8 Zie ook de vergelijkbare uitspraak van deze rechtbank, zittingsplaats Zwolle, van 26 april 2023, ECLI:NL:RBDHA:2023:6503.

Beslissing

De rechtbank:
  • verklaart het beroep gegrond;
  • vernietigt het besluit van 4 mei 2023;
  • draagt de staatssecretaris op binnen vier weken na de dag van verzending van deze uitspraak een nieuw besluit te nemen op het bezwaar, waarbij rekening wordt gehouden met deze uitspraak;
  • veroordeelt de staatssecretaris tot betaling van € 1.674,- aan proceskosten aan eiser.
Deze uitspraak is gedaan door mr. P.J.M. Mol, rechter, in aanwezigheid van mr. S.J. Valk, griffier.
De uitspraak is uitgesproken in het openbaar en bekendgemaakt op:
20 juni 2023

Documentcode: [documentcode]

Informatie over hoger beroep

Een partij die het niet eens is met deze uitspraak, kan een hogerberoepschrift sturen naar de Afdeling bestuursrechtspraak van de Raad van State waarin wordt uitgelegd waarom deze partij het niet eens is met de uitspraak.
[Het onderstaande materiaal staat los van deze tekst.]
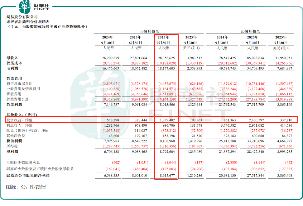 投资收益成为拉动网易利润增长的重要引擎。网易今年8月公布的13F持仓报告显示,其对拼多多的建仓动作发生在2025年第二季度,二季度末持有拼多多股票市值达3.7亿美元。
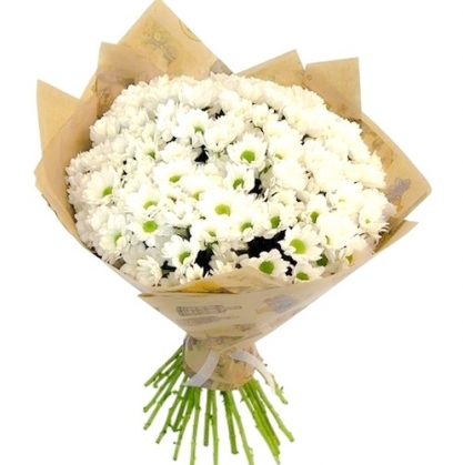 Букет из ромашковых хризантем в крафте
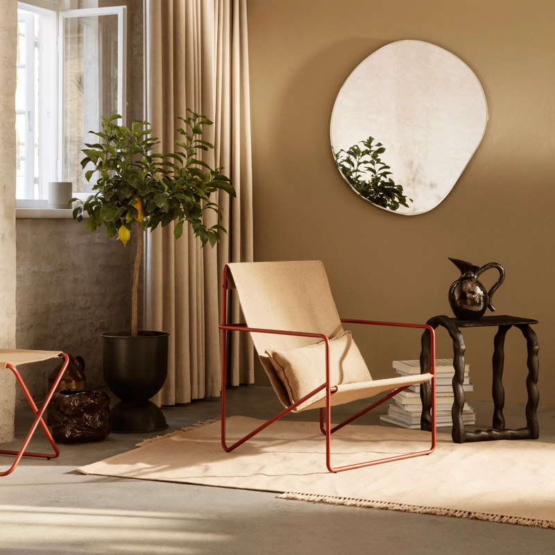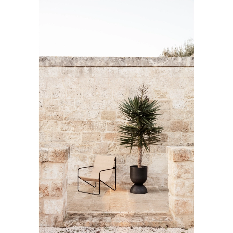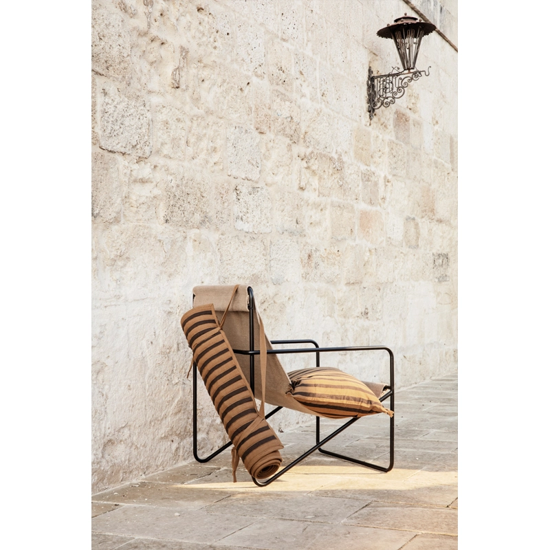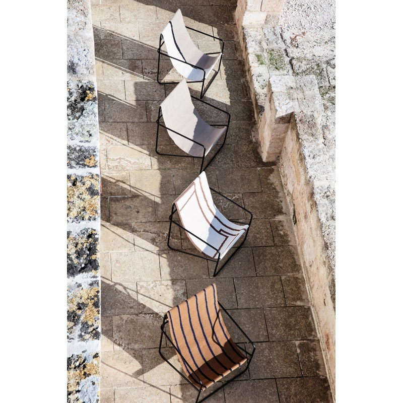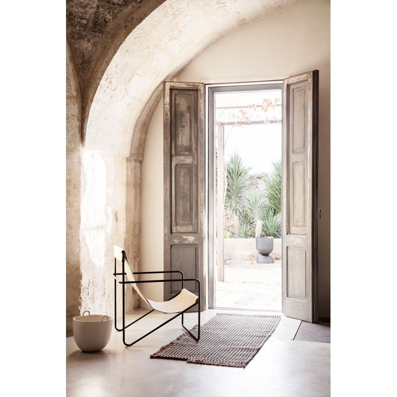 La collection Desert de Ferm Living allie un design moderniste et une fonctionnalité durable pour un fauteuil parfaitement adapté à un usage à l’intérieur comme à l’extérieur. Gracieux et épuré, le fauteuil Desert est doté d’une structure en tube d’acier et d’une assise amovible en toile tissée à la main. Grâce à une technologie spécialisée, les textiles de Desert sont réalisés entièrement à partir de bouteilles en plastique recyclées transformées en fil. Cette technique permet un design incroyablement résistant et durable, tout en réutilisant des déchets. Chaque assise du fauteuil Desert correspond à l’équivalent de 53 bouteilles en plastique. Non seulement ces textiles sont pratiques, facilement lavables et conviennent à une utilisation à l’extérieur, mais ils sont également aussi agréables au toucher, contrairement à ce que l’on pourrait penser d’une matière faite à partir de plastique. Léger et élégant, le fauteuil Desert Ferm Living vit au rythme des saisons, passant facilement de l’intérieur à l’extérieur.
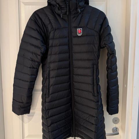 Fjällrävenin musta Snow Flake parka kevytuntuvatakki kokoa xs. Huippuluokan kevytuntuvatakki, pituudeltaan parka n. 85cm olka-helma. Naisten malli, vyötärö kaventuu kivasti. Sivuilla vetoketjutaskut ja vasemmalla povitasku vetoketjulla. Kainalo-kainalo n. 45cm, vyötärö kapeimmalla kohtaa n. 41 cm. Moitteettomassa kunnossa, ei ole pesty, ei tarvetta ja untuvat tasaisesti. Tsekkaa mitat jos käytät Fjällrävenin xs-s tavallisesti, mitoitus mielestäni sama kuin Kiruna padded parka, xs napakahko tavanomaiseen Fjellun xs-takkiin verrattuna. Tarkemmat tiedot takista löytyy mm. Fjällrävenin ja Partioaitan sivuilta, Ovh 550-580 eur.
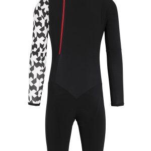 Задня блискавка: блискавка проклеєна, бігунок якої розташований в лівій задній частині виробу. На відміну від блискавок, що розташовані посередині, таке розміщення не знижує аеродинамічних властивостей переднього полотнища костюма.
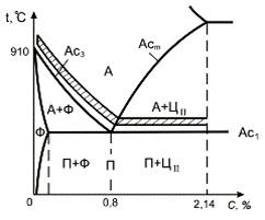 16. Объясните, можно ли упрочнить свинец, если его подвергнуть деформации при комнатной температуре. TплPb=327ºC. 17. Закалка и отпуск конструкционных сталей. Назначение, получаемые структуры и свойства. ОТВЕТ.. Закалка – нагрев доэвтектоидной стали на 30..50°С выше АС3, заэвтектоидной - на 30..50°С выше АС1, выдержка и последующее охлаждение со скоростью выше критической (Рис. 38, 42). Цель закалки – получение структуры мартенсита. Структуры сталей после закалки: доэвтектоидных - М+Аост, эвтектоидной - М+Аост, заэвтектоидных – М+Аост+ЦII.
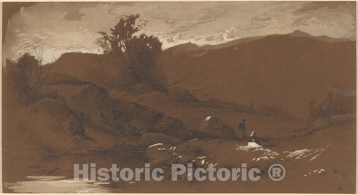 Art Print : William Hart, Figures in a Landscape, 1860 - Vintage Wall Art
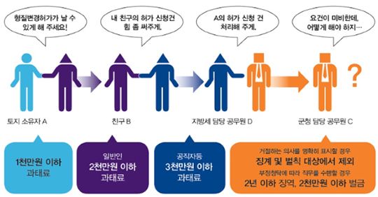● 반면, 담당 공무원 C가 지방세 담당 공무원 D의 부정청탁에 따라 토지형질변경허가를 내 줄 경우 형사처벌 대상(2년 이하의 징역 또는 2천만원 이하의 벌금)
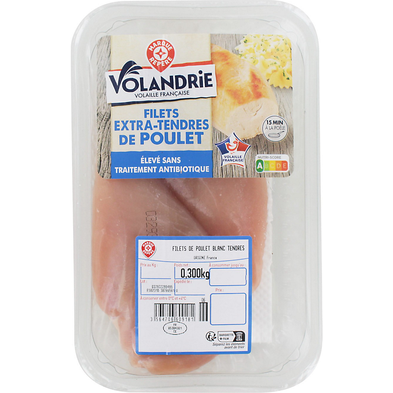 Filets de poulet blanc extra tendre sans antibiotiques x 2 - 300 g - VOLANDRIE
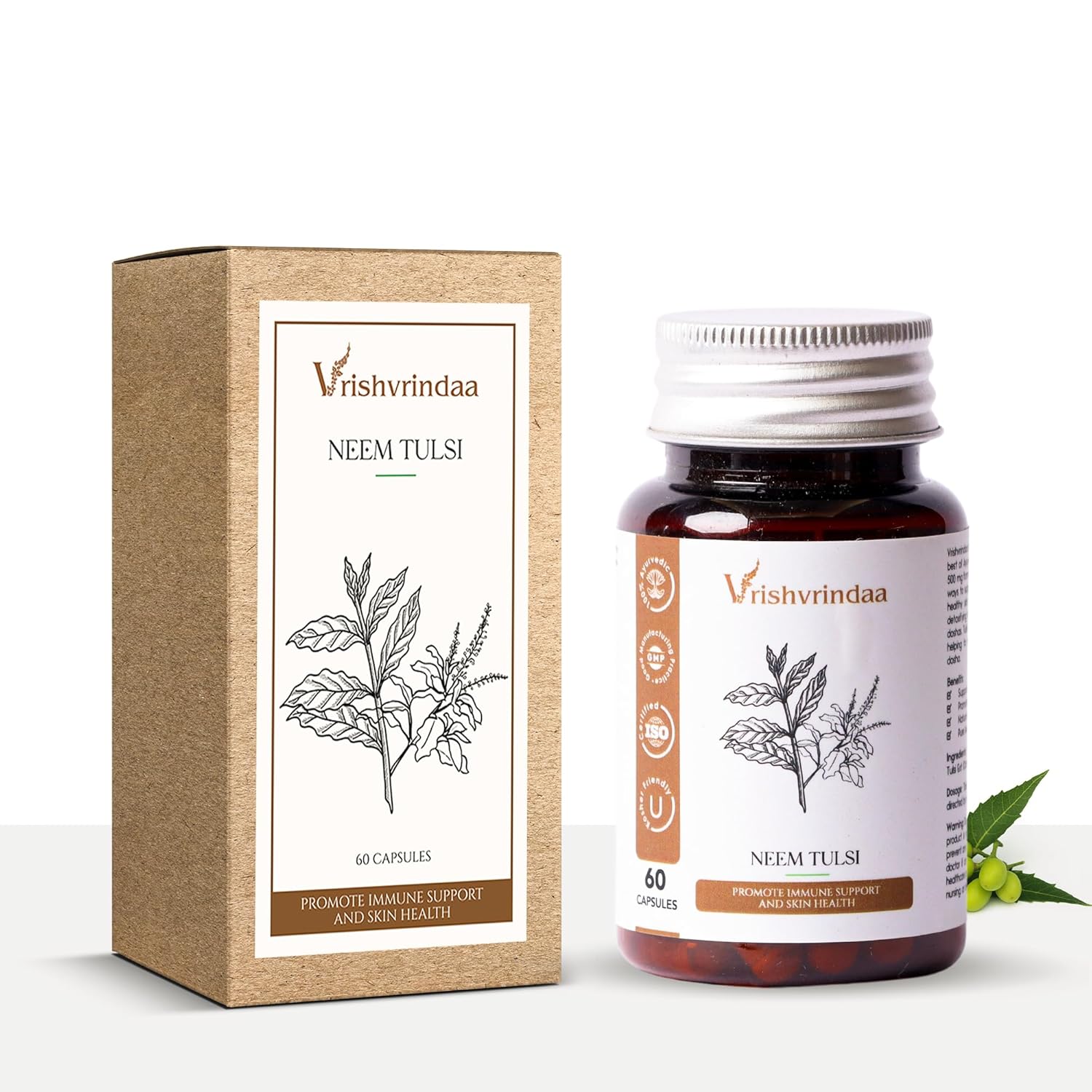 VrishVrindaa Neem & Tulsi Herbal Capsules 500 mg - 60 Caps
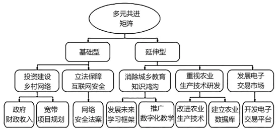 美国农业数字化起步较早,在进行数字乡村的建设过程中美国选择了较为系统化的多元共进矩阵型发展模式,直接从农业信息技术应用、农业信息网络建设、农业信息资源开发利用等技术层面全方位推进数字乡村建设。具体发展模式如下图所示。据此完成下面小题。
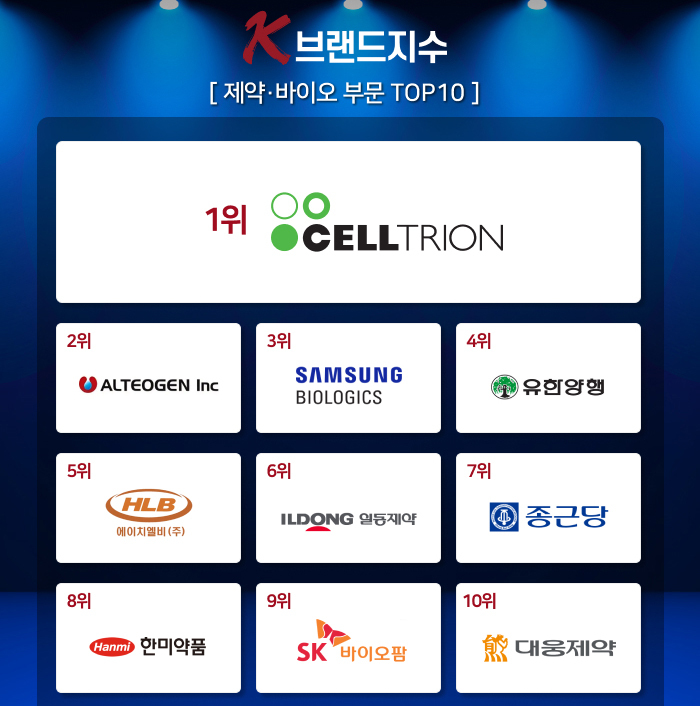K-브랜드지수 제약·바이오 부문은 셀트리온이 1위를 수성한 가운데, 알테오젠(2위), 삼성바이오로직스(3위), 유한양행(4위), HLB(5위), 일동제약(6위), 종근당(7위), 한미약품(8위), SK바이오팜(9위), 대웅제약(10위) 등이 TOP10에 이름을 올렸다.

Het hogerberoepschrift moet worden ingediend binnen 1 week na de dag waarop deze uitspraak is verzonden. Kan de indiener de behandeling van het hoger beroep niet afwachten, omdat de zaak spoed heeft, dan kan de indiener de voorzieningenrechter van de Afdeling bestuursrechtspraak van de Raad van State vragen om een voorlopige voorziening (een tijdelijke maatregel) te treffen.